The last one and a half weeks has just gone by at lightening speed but yet it has been so relaxing here in Mijas Pueblo in the heart of the Costa del Sol in Spain! I have settled into my temporary abode in a small apartment that I will occupy until my more substantial residence is available beginning in November. Here in my blog I will share what I have seen, heard, tasted, learned, and, more appropriately for my blog, my impressions and feelings about my experiences.
I am writing my initial entry from the apartment balcony. It is almost 9:00 AM and other than for me and the nearby crowing rooster, there are few out and about in this small pueblo village of about 7500. I am uncertain if the population numbers include the large expat community (composed mostly of citizens from the United Kingdom). The British are everywhere as many not only are here on holiday but also have, like me, taken up a residence. The village will really start to come alive around 10 o’clock or so when shops (other than the bakery which is already open) come alive in anticipation of the arrival of the tour groups.
Mijas Pueblo has applied to be a UNESCO World Heritage Site and through my blog I will share more about it in coming entries. But the mainstay of the community now appears to be tourism. Located about 450 meters above and overlooking the Mediterranean Sea on the south coast of Spain, the pueblo attracts people from around the world. In an hour or so the busses carrying Koreans and others from numerous Asian countries will arrive. That’s when the leather and novelty shops spring into action. They aren’t the only visitors but there seem to be lots more of them than other European groups.
There are definite favorite attractions for the Korean visitors. There are horse-drawn buggy rides around a preset route through town as well as burro “taxis” that follow the same route. One can imagine a time when the burro taxis were in fact used for that specific purpose! The visitors, however, really are excited to take the buggy rides and call out a friendly “hola” to everyone they think is from here! They, like most tourists, all have cameras.
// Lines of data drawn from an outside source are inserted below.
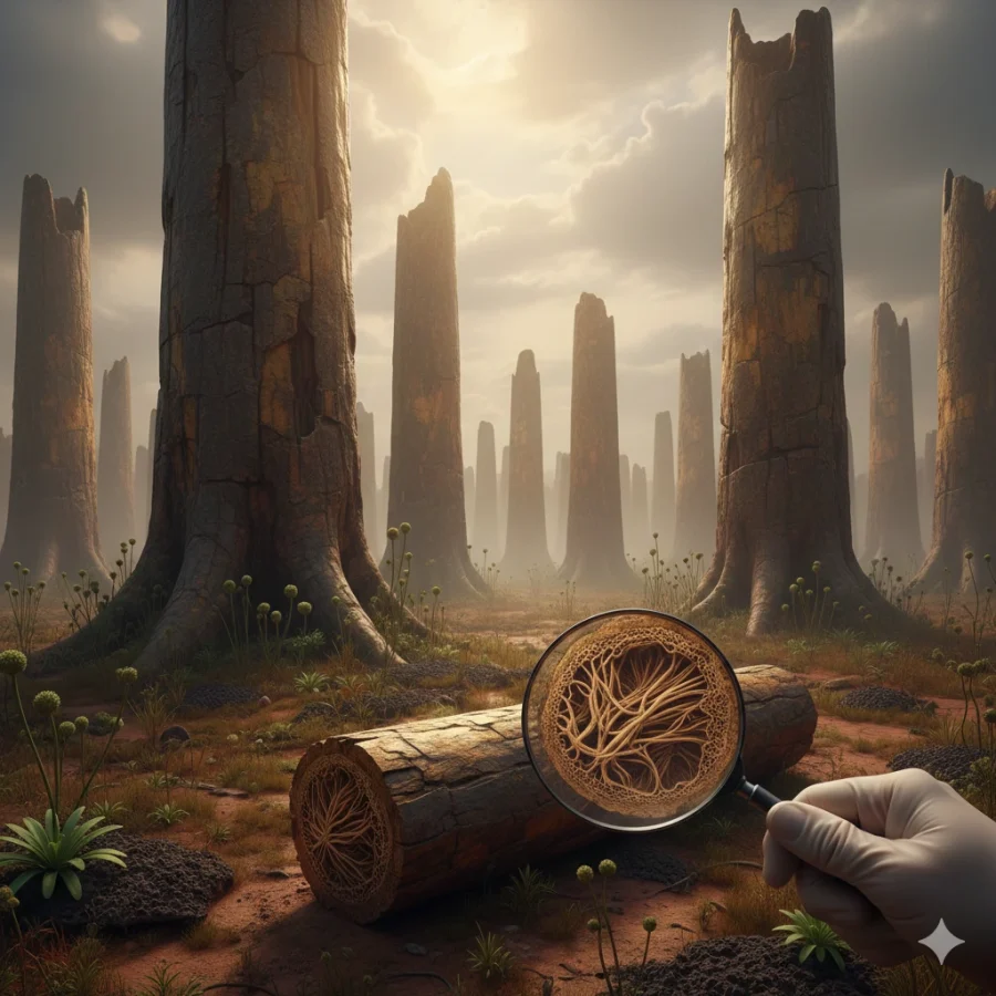 Imagine caminhar por um cenário desolador há mais de 400 milhões de anos e encontrar estruturas verticais de oito metros de altura, sem folhas, flores ou galhos. Esse era o mundo onde o Prototaxites reinava como a maior estrutura biológica em terra firme. Por mais de um século, pesquisadores tentaram rotular esse fóssil dentro das categorias que conhecemos hoje, mas a natureza parece ter seguido um caminho muito mais criativo e isolado durante o período Devoniano.
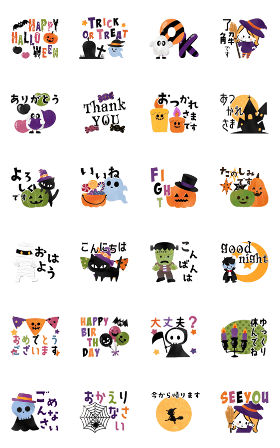 ハロウィンらしいアイテムいっぱい!キュートなハロウィンスタンプでメッセージを彩ります。
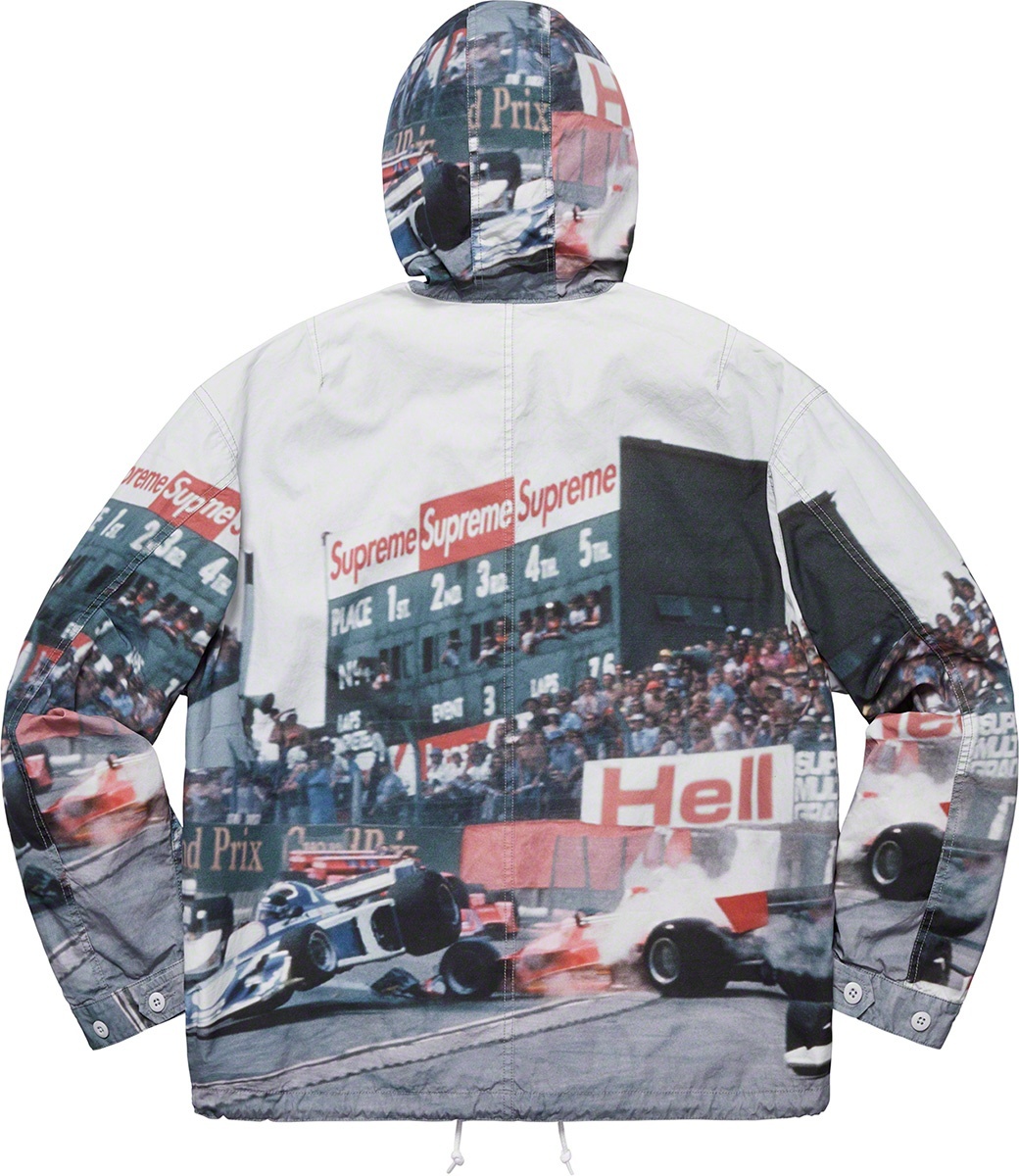 All cotton with printed graphic and cotton lining. Full zip closure with hidden snap placket and snap flap hand pockets at lower front. Drawcord at hood and hem with two-button tab adjusters at cuffs.
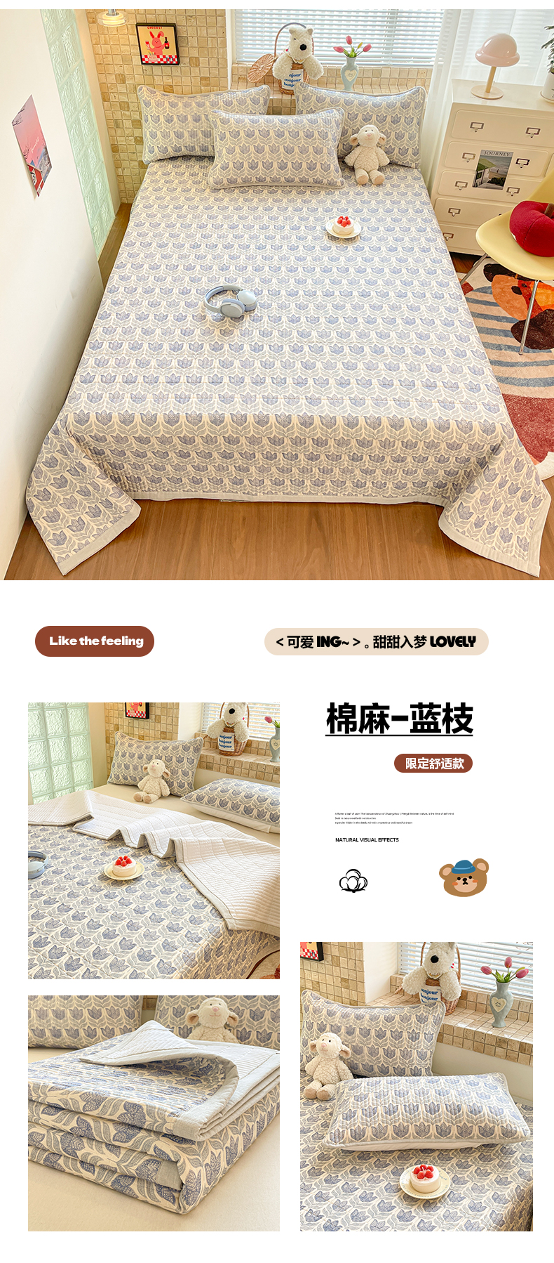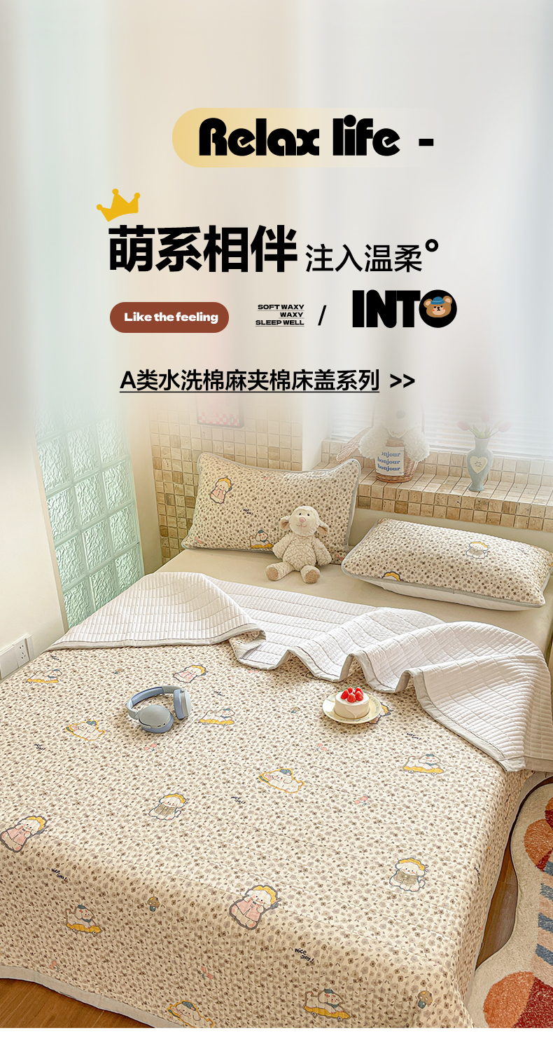 2026新款A类水洗棉麻15%麻85%棉夹棉床盖
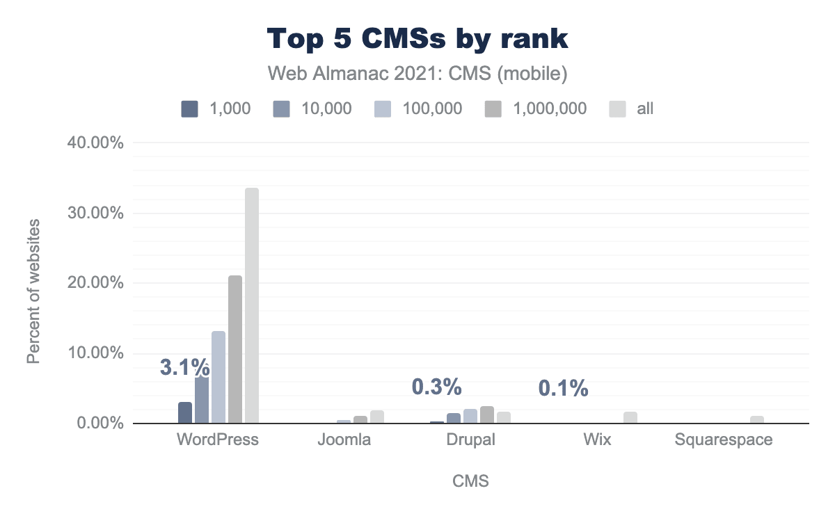 3.1% of mobile sites in the top 1K are built with WordPress, and 33.6% of all sites. Drupal maintains a higher adoption rate within the mid-ranged rankings (10K–1M), while most of Wix and Squarespace sites are ranked outside the top 1M sites.
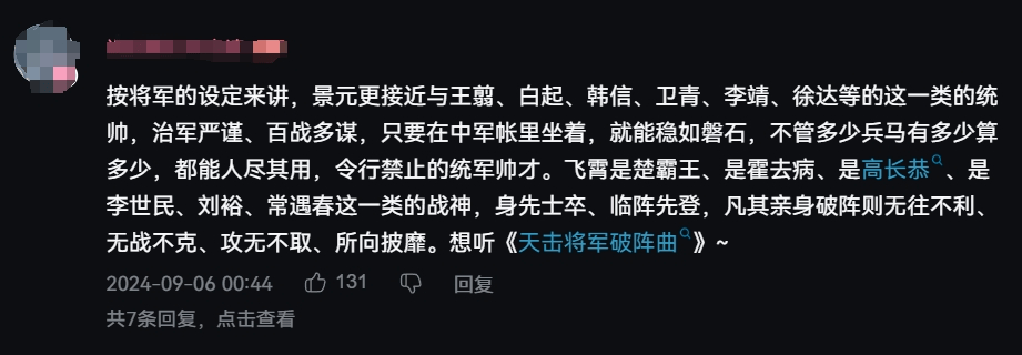 这与同样身为帝弓七天将之⼀,向来以智谋闻名的景元将军,在剧情中形成了鲜明的对比。正如玩家们在角色PV评论区里说的那样,飞霄的身上其实有着古代名将常遇春、霍去病等人的影子。性格豪爽,和谁都能聊得来,上了战场永远冲在最前面,身负百般武艺,能轻松做到以一敌百,是整军中最令敌人闻风丧胆的存在,也是最不把自己的性命当回事的将领。
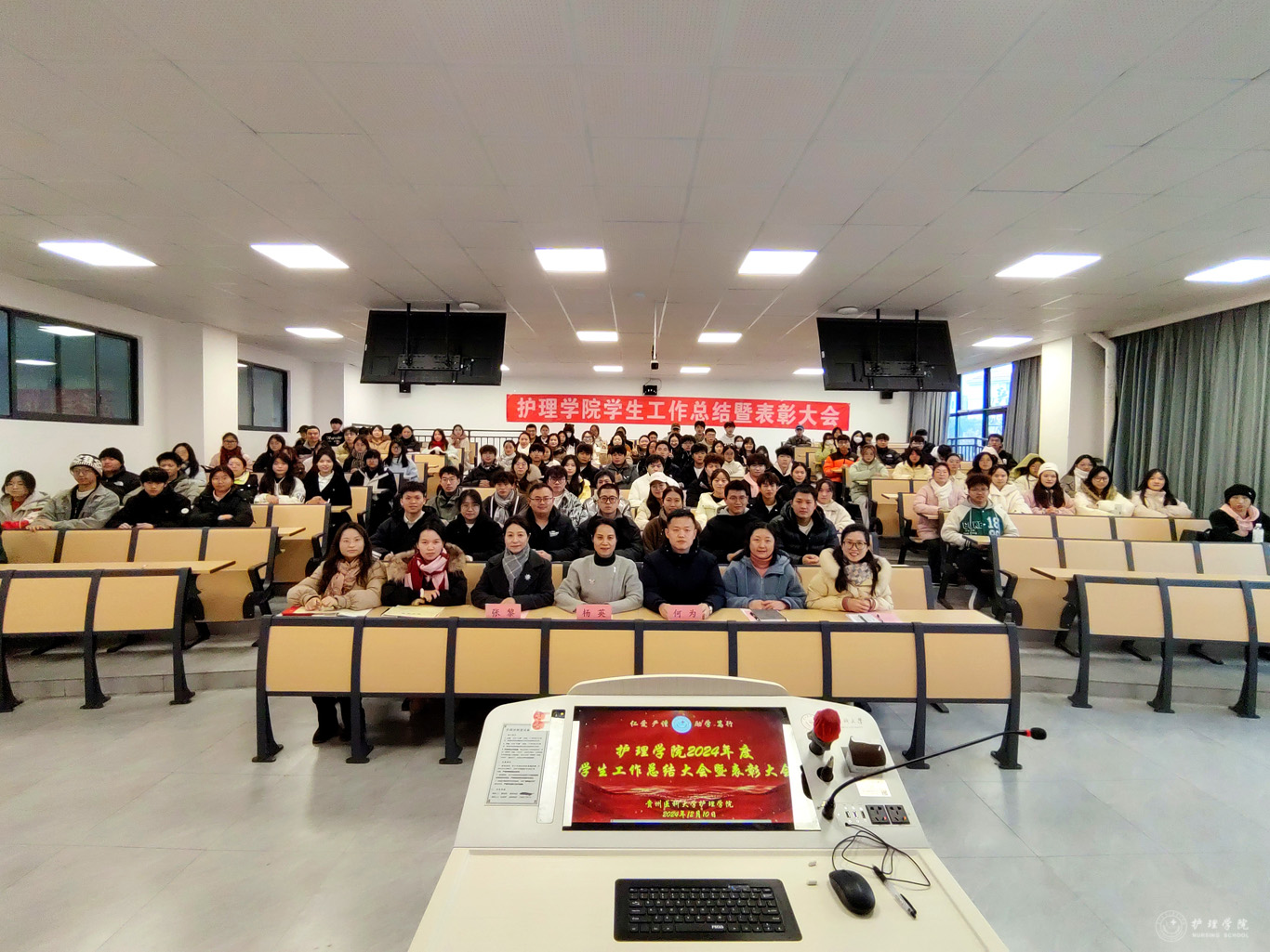 杨英对本次大会进行总结并讲话。她首先对学院学生工作取得的成绩给予肯定,代表学院党委和行政对学院学生工作付出辛勤劳动的老师和同学表示由衷的感谢。随后,她结合护理学专业,从厚植家国情怀到贵医护理人的使命与担当,鼓励同学们主动作为,善做善为,敢于创新,争做熠熠生辉的贵医护理人。同时,她还提出了三点希望:一是要秉持贵医护理人的情怀,注重人文关怀;二是要努力创新,增强本领;三是面对挫折和困难,要保持豁达,不畏艰辛才能一路成长。
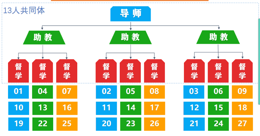 龙舰飞天的经济系统其实部分接近于一个分布式的学校,它的导师团队以及学生分布在各地,也有部分去中心化的特点。每个人也只能获得一个席位名额,在一轮的学习中,每个人将接受三个人的服务,分别是一个导师,一个助教和一个督学。这是一个分工明确的学习型小组。由13人的导师团队带领27个学生一起参与通识教育的学习并完成一些善理念的实践任务。
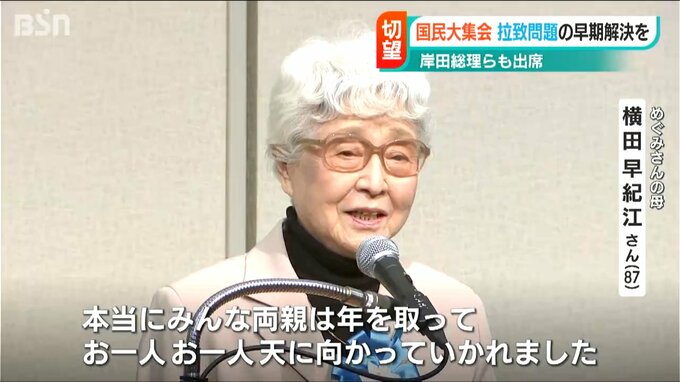 【横田早紀江さん】「本当にみんな両親は年をとって、お一人お一人、天に向かっていかれました、本当にさみしい限りです。どうか、一刻も早く、日本人である、日本人らしい姿で、日本で生活ができるように」
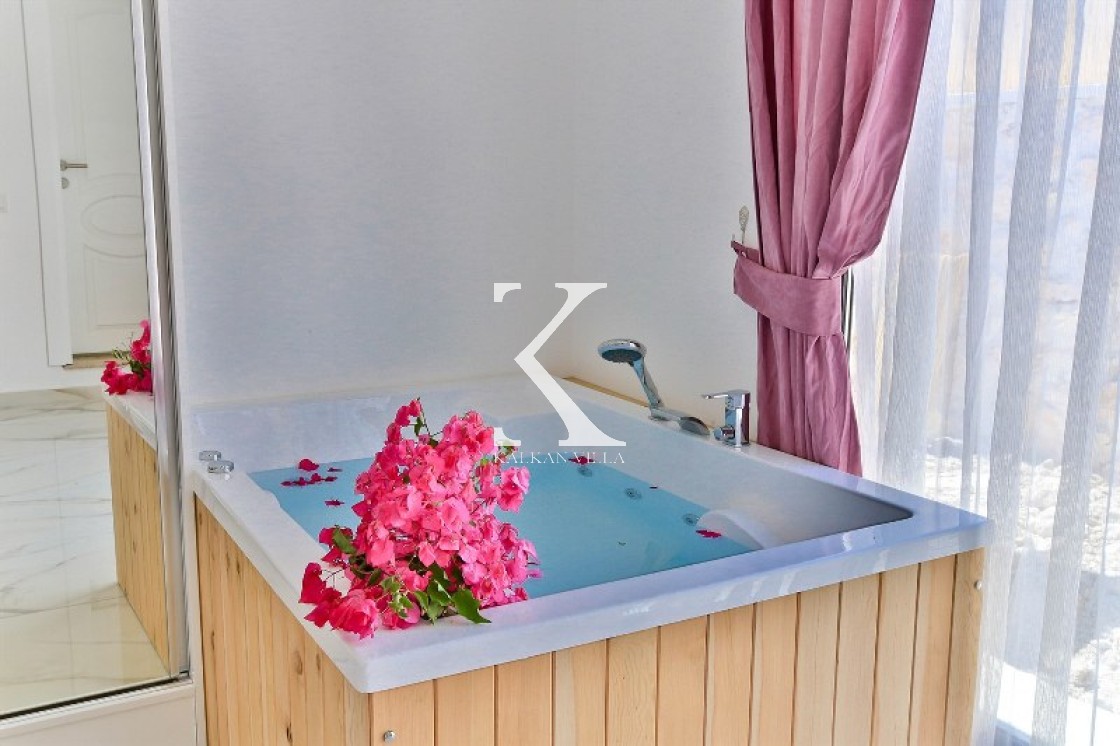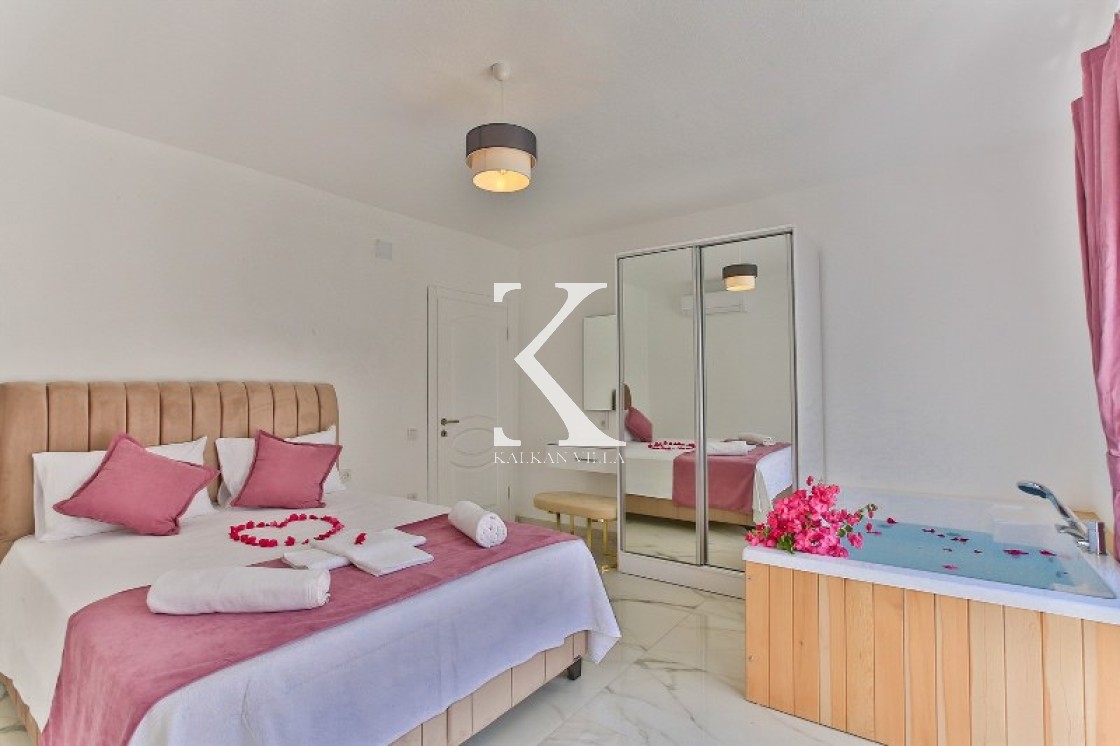 Çift kişilik yatak, elbise dolabı, komodin, klima, jakuzi, banyo & WC.
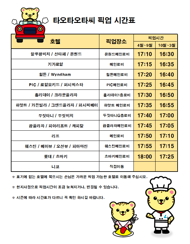 * 픽업 시간이 늦어 픽업 차량을 탑승하지 못한 경우 환불 불가입니다.
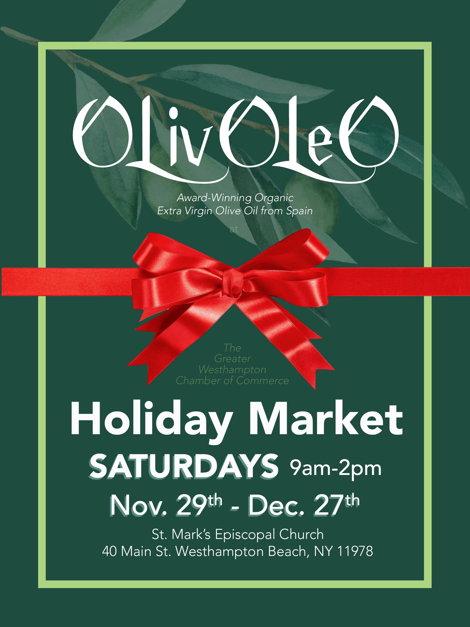 Join OLIVOLEO indoors for in-person extra virgin olive oil tastings this holiday season every Saturday from Thanksgiving to the New Year in Westhampton Beach, NY.

But I have seen a uniqueness in many having a long metal arm attachment to the camera for taking “selfies!” Yesterday, I went to a bullfight in Mijas and I will discuss it in another blog entry. But the Koreans were there en mass and I wonder what they must be thinking about this unique Spanish sport.
That’s all for today’s entry. I hope you will return as this lone American further describes what’s happening in his experiences living in Spain.